Today the Washington Times is out with an editorial echoing the attacks of right-wing, anti-Muslim commentator Debbie Schlussel on Rima Fakih, the newly crowned Miss USA.

As Media Matters noted, Schlussel said Fakih's win was the result of the “politically correct, Islamo-pandering climate” in America and calling her a “Lebanese Muslim Hezbollah supporter with relatives who are top terrorists.”

Enter the Washington Times editorial:

Miss Fakih, who as Miss Michigan took the Miss USA crown last weekend, was born in southern Lebanon and, as commentator Debbie Schlussel has reported, has extensive family connections to Hezbollah. But that reportage has been overshadowed by the more politically correct “first Arab-American Miss USA” storyline, dovetailing as it does with President Obama's efforts to promote Islam at home and abroad.

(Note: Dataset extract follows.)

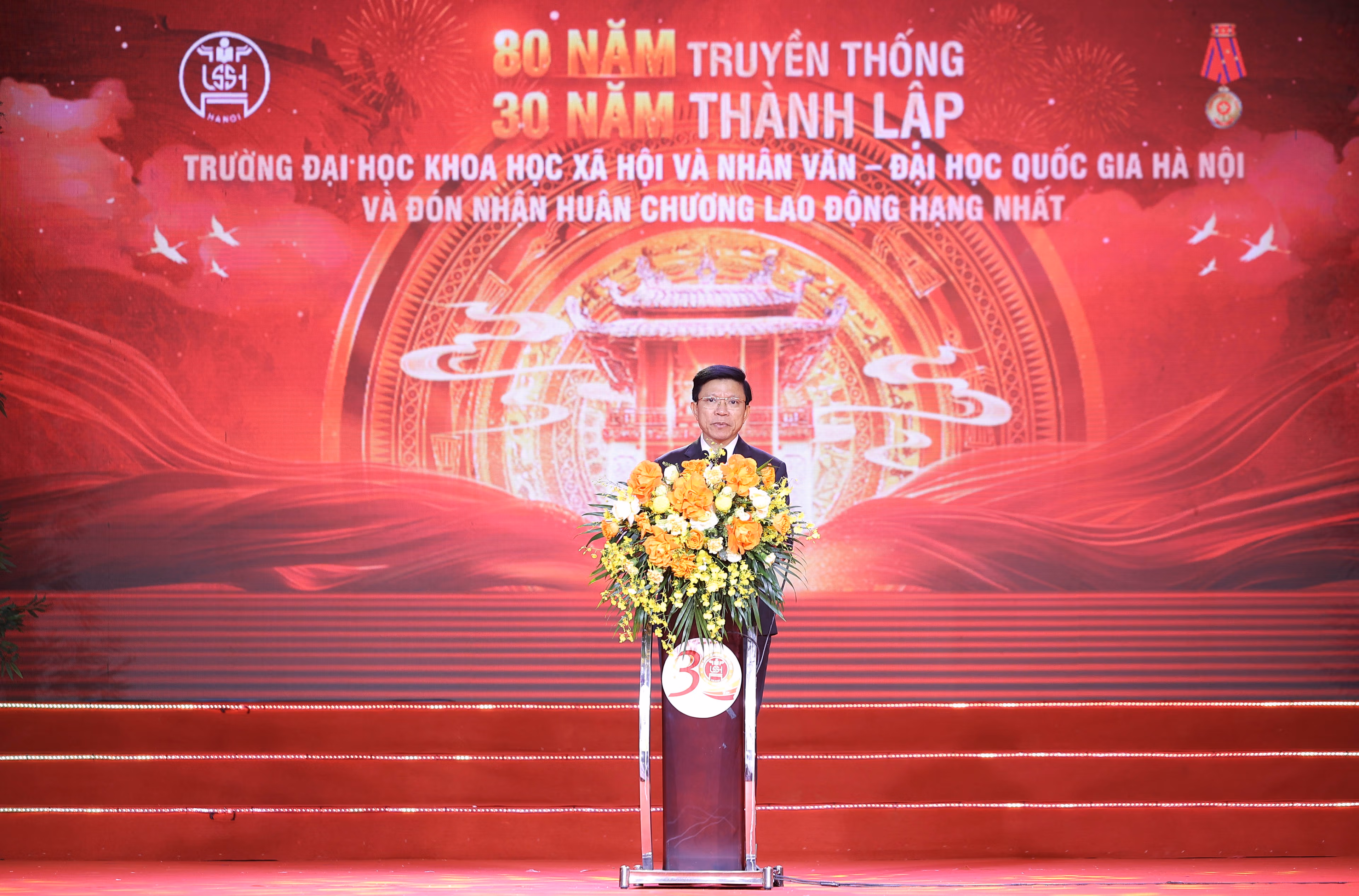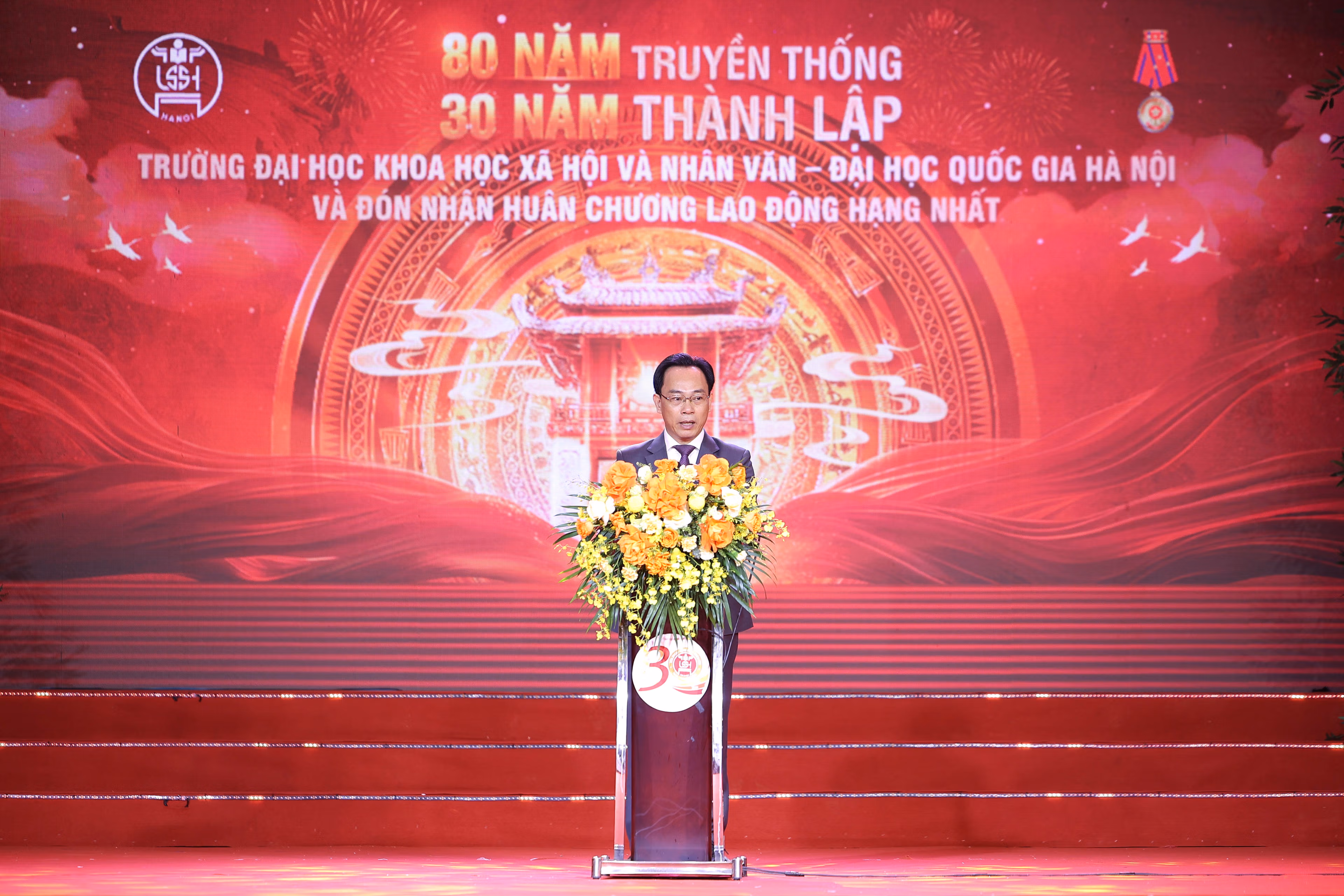Phát biểu tại buổi lễ, Phó Thủ tướng Lê Thành Long gửi tới các thế hệ thầy giáo, cô giáo, cán bộ, viên chức, người lao động và học sinh, sinh viên Nhà trường lời chúc mừng nồng nhiệt nhất. Trường Đại học Khoa học Xã hội và Nhân văn là một cơ sở giáo dục đại học có lịch sử lâu đời; nơi khai sinh nhiều ngành khoa học xã hội và nhân văn hiện đại của Việt Nam, tạo tiền đề cho các ngành khác phát triển, từng bước khẳng định vị thế trong đời sống học thuật trong nước, ở khu vực và trên thế giới.

The first Arab-American to win the Miss USA crown was really Julie Hayek in 1983. However, Miss Hayek was a Lebanese Christian, and the notion of Christian Arabs is probably too complicated for the liberal media to bother explaining.

The Times goes further in its attacks, raising the notion that Fakih beat out Miss Oklahoma Morgan Elizabeth Woolard because Woolard had indicated her support for the controversial new Arizona Immigration law:

This year's victim was [Woolard], who was hit with a hot-button question regarding Arizona's new law against illegal immigrants. She said she was “a huge supporter of states' rights” and that the Arizona law was “perfectly fine.” Miss Woolard had been leading Miss Fakih by a wide margin through the swimsuit and evening gown portions of the competition, but - like Miss Prejean last year - the Okie finished as first runner-up.

The judges passed up the opportunity to ask Miss Fakih about her views on radical Islamic terrorism or whether Israel has a right to exist.

Of course, it mattered little to the Times that Woolard has rejected the idea that she lost to Fakih because of her answer, saying, “I don't believe that answer cost me the crown.”